About this exercise: Restate the listing below word for word; no pictures belong in the copy.

*** Opening Data to use ***

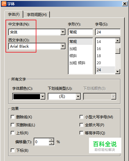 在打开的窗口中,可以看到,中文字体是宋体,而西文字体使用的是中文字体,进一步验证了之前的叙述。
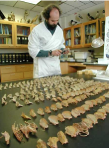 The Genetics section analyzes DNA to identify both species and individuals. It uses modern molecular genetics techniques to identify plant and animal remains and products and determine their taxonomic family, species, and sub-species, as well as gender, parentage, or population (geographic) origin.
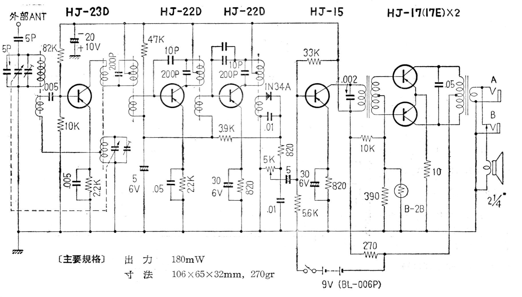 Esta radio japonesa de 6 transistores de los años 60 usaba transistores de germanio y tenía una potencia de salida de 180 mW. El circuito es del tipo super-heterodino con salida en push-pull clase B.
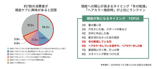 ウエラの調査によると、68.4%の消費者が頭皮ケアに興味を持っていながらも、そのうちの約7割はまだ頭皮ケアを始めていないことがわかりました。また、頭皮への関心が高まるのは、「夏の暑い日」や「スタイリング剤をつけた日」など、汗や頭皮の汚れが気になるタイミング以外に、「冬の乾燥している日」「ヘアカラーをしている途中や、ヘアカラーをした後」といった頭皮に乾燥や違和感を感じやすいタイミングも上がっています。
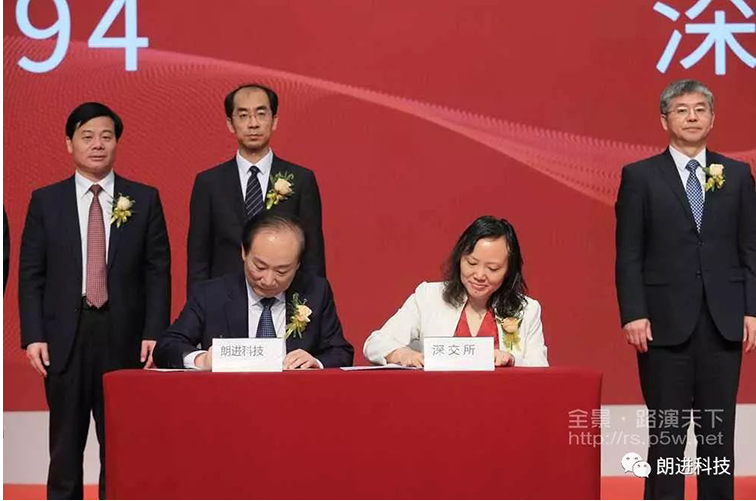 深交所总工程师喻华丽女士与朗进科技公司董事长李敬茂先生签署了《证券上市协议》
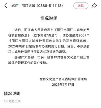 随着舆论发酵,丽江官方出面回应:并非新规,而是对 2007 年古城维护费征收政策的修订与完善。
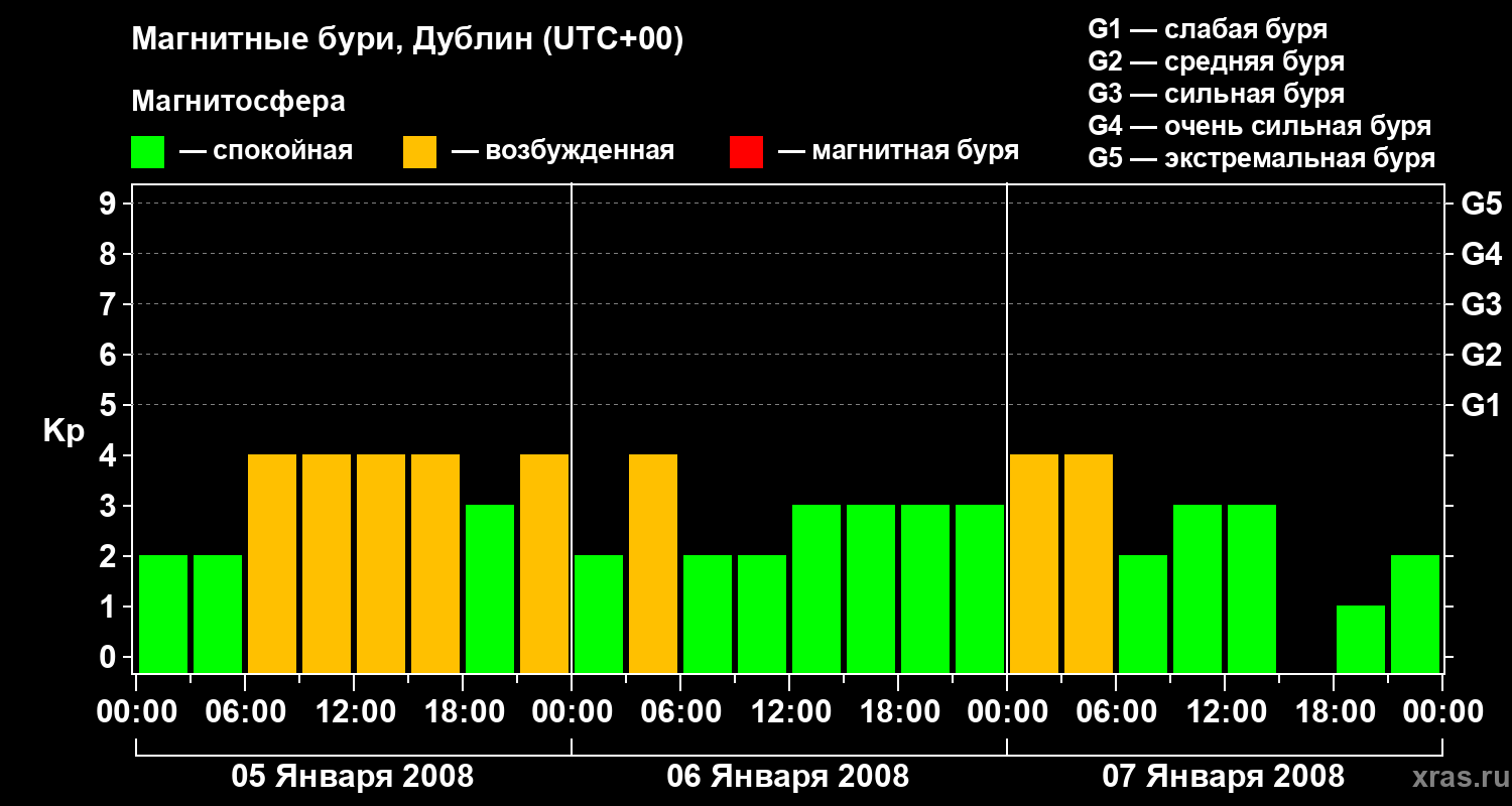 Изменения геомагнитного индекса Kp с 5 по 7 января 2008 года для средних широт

*** Closing Data to use ***

Expected answer:
 在打开的窗口中,可以看到,中文字体是宋体,而西文字体使用的是中文字体,进一步验证了之前的叙述。
 The Genetics section analyzes DNA to identify both species and individuals. It uses modern molecular genetics techniques to identify plant and animal remains and products and determine their taxonomic family, species, and sub-species, as well as gender, parentage, or population (geographic) origin.
 Esta radio japonesa de 6 transistores de los años 60 usaba transistores de germanio y tenía una potencia de salida de 180 mW. El circuito es del tipo super-heterodino con salida en push-pull clase B.
 ウエラの調査によると、68.4%の消費者が頭皮ケアに興味を持っていながらも、そのうちの約7割はまだ頭皮ケアを始めていないことがわかりました。また、頭皮への関心が高まるのは、「夏の暑い日」や「スタイリング剤をつけた日」など、汗や頭皮の汚れが気になるタイミング以外に、「冬の乾燥している日」「ヘアカラーをしている途中や、ヘアカラーをした後」といった頭皮に乾燥や違和感を感じやすいタイミングも上がっています。
 深交所总工程师喻华丽女士与朗进科技公司董事长李敬茂先生签署了《证券上市协议》
 随着舆论发酵,丽江官方出面回应:并非新规,而是对 2007 年古城维护费征收政策的修订与完善。
 Изменения геомагнитного индекса Kp с 5 по 7 января 2008 года для средних широт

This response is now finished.